August 06, 2005 3:05 PM  
Anonymous Anonymous said...

The "shady agenda" is exactly right.

How much more shady can anyone be trying to make homosexuals think they need to change in order to fit in the society with people like PFOX, Recall and Throckmorton. Let's us not forget Dobson who believes the gays will destroy the earth and more.

Shady bunch.....

August 06, 2005 4:36 PM  
Blogger JimK said...

Alex, I'm going to add your point to the list. Thanks...

August 06, 2005 4:50 PM  
Blogger Kay2898 said...

Exactly why do PFOX, Recall(CRC) and company think they are charged with "fixing homosexuals?"

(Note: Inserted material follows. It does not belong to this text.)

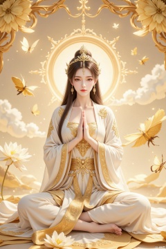 The image depicts a serene and ethereal scene with a woman dressed in flowing white robes adorned with intricate golden patterns. She is seated cross-legged on a lotus flower, exuding a sense of tranquility and spiritual focus. Her hands are clasped together in a prayer-like gesture, and she wears a delicate tiara that complements her serene expression. The background is a soft, glowing golden hue, with delicate clouds and floating butterflies adding to the dreamlike atmosphere. The overall composition is reminiscent of traditional East Asian art, with a focus on spiritual and mystical themes.

It is incredible of all the horrible things going on in the world that these folks have a pretty sick agenda only to get rid of all homosexuals.

How about the world's poverty and hunger?

August 06, 2005 5:04 PM  
Anonymous Anonymous said...

After thinking about it some more, why not simply ask them why they choose the label "ex-gay" as opposed to simply saying straight? I'd like to know how they define the term "ex-gay" and why they insist on using it.

If people wish to become "ex-gay," it would most likely mean that they wish to completely forget about their homosexuality altogether. If they are always labelled as "ex-gay," it will never be forgotten. It's like pointing the finger at them and not letting them live it down for as long as they live. It will haunt them forever.

August 07, 2005 7:34 AM  
Anonymous Anonymous said...

Jim, somewhere in your original post you use the term, "Special Rights." The opponents of equality like that term but it should not go unchallenged.

It is not a "special right" to be able to keep a picture of your family on your desk at work, but many people in same-sex unions fear letting their co-workers know who their spouses are because they could lose their jobs over it. It is not a special right to be in the hospital room when the person you love is being given the results of a biopsy; especially when you are that person's primary caregiver. It is not a special right to walk down the street holding hands. It is not a special right to work in the profession you have trained for. It is not a special right to be allowed to adopt the birth child of your spouse. Heterosexuals have all of those rights. Loving couples in same-sex unions have some of those rights in some places, but mostly they have to fight for the rights and they have to prove that they are "deserving" of those basic human and family rights.